Written answers (Question to Defence)

I propose to take Questions Nos. 541 and 542 together.

The agencies associated with the Department in the period 2008 to 2012 were the Civil Defence Board, the Army Pensions Board and the Board of Coiste an Asgard. The agencies were staffed by civil servants.

No bonuses or other performance related payments and or allowances have been made to these staff since 2008.

The Civil Defence Board was identified in the Public Service Reform Plan as a body to be abolished. Legislation was passed by the Oireachtas in December 2012 for the dissolution of the Board and the transfer of its functions back to the Department of Defence. The Chief Executive Officer of the Civil Defence Board in 2012 was a serving civil servant at Principal Officer grade. The arrangements that apply to the CEO in respect of pension and expenses are the same as for all Civil Service staff.
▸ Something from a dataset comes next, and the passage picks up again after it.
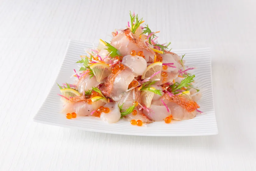 『金目鯛・帆立・いくらのご馳走カルパッチョ風サラダ』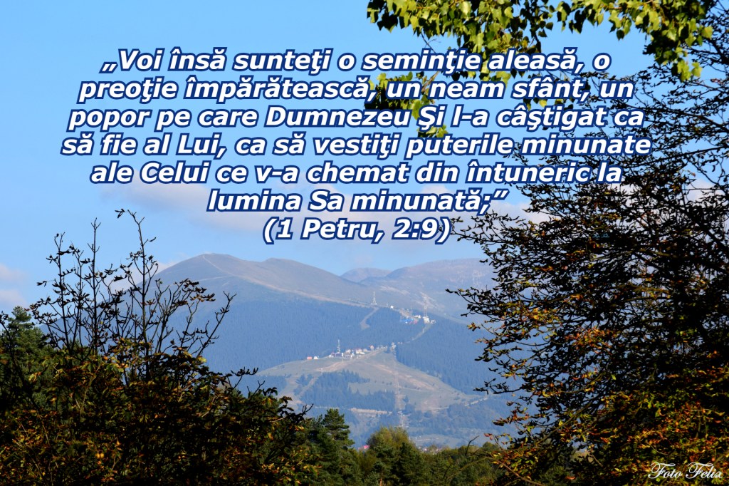 Voi însă sunteţi o seminţie aleasă, o preoţie împărătească, un neam sfânt, un popor pe care Dumnezeu Şi l-a câştigat ca să fie al Lui, ca să vestiţi puterile minunate ale Celui ce v-a chemat din întuneric la lumina Sa minunată; (1 Petru, 2:9)

In the context of settling the Estimates for the Department of Defence for 2010, the Government decided that the national sail training scheme operated by Coiste an Asgard would be discontinued as recommended in the Report of the Special Group on Public Service Numbers and Expenditure. An application for voluntary strike-off was made to the Companies Registration Office in January 2013 seeking the removal of Coiste an Asgard from the Companies Register, and the Company is expected to be officially struck off by mid 2013.
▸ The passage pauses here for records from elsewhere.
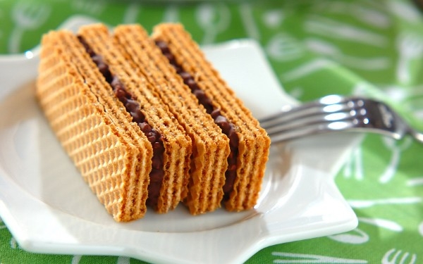 市販のウエハースにアーモンドダイス入りのチョコレートを塗り、もう1枚のウエハースではさめばOK。サクッ&パリッとした食感でしっかりと食べ応えがあります。何段か重ねてミルフィーユのような見た目にしても良いですね。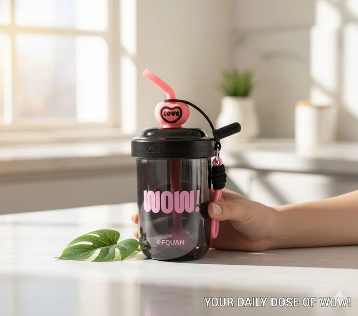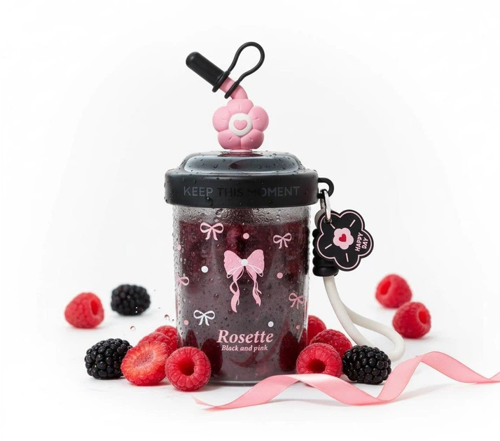 Шейкер рожеві бантики 580 мл з віночком та трубочкою для фітнесу та коктейлів чорний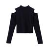 Damen Schwarze Off-Shoulder Langarm Crop Tops - Herbst/Winter Baumwolle Mode T-Shirts mit hohem Kragen

Neither the Army Pensions Board nor the Board of Coiste an Asgard has a Chief Executive Officer.

Defence Forces Recruitment

Questions (543)

Finian McGrath

Question:

543. Deputy Finian McGrath asked the Minister for Defence if the Irish Army will be recruiting more soldiers in 2013 or 2014. [10424/13]

View answer

Written answers (Question to Defence)

The Government has decided to accept my recommendation that the strength of the Permanent Defence Force will be maintained at 9,500. I believe this is the optimum strength required to fulfill all roles assigned by Government. The Military Authorities have advised that the strength of the Permanent Defence Force at 31 January 2013, the latest date for which details are available, was 9,313 comprising 7,472 Army, 790 Air Corps and 1,051 Naval Service personnel.
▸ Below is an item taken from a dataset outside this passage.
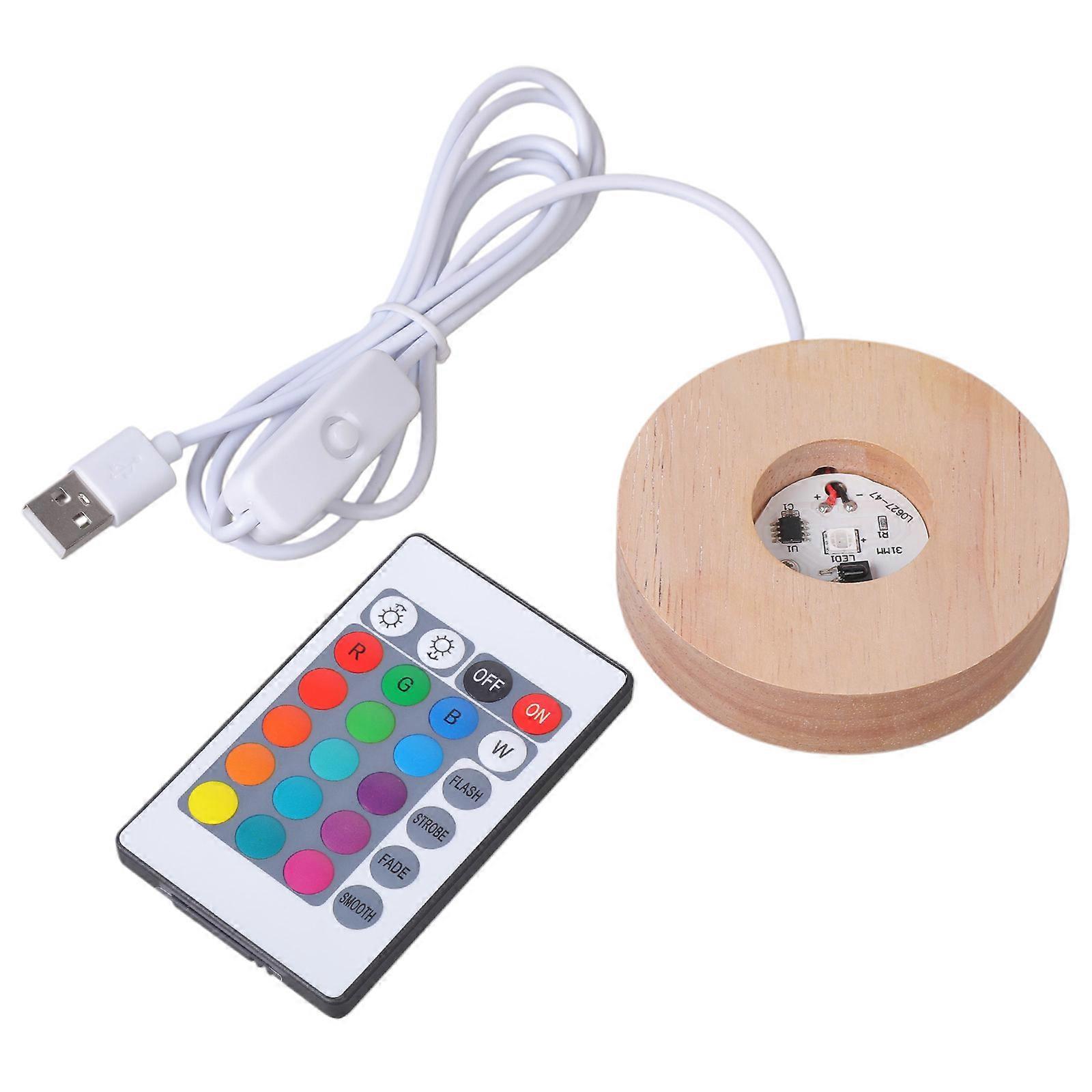 Resin Art Display Wood LED Adjustable Display Base 12 Colors RGB LED Base Vase Light with Remote Control DIY Night Light Diameter 8cm

Following on from the 2012 recruitment campaign, 539 General Service recruits were enlisted in the Permanent Defence Force. It is intended that further general service recruitment will take place from the existing competition panel during 2013. No decisions have yet been made with regard to recruitment in 2014.

All recruitment will be achieved within the resource envelope allocated to Defence.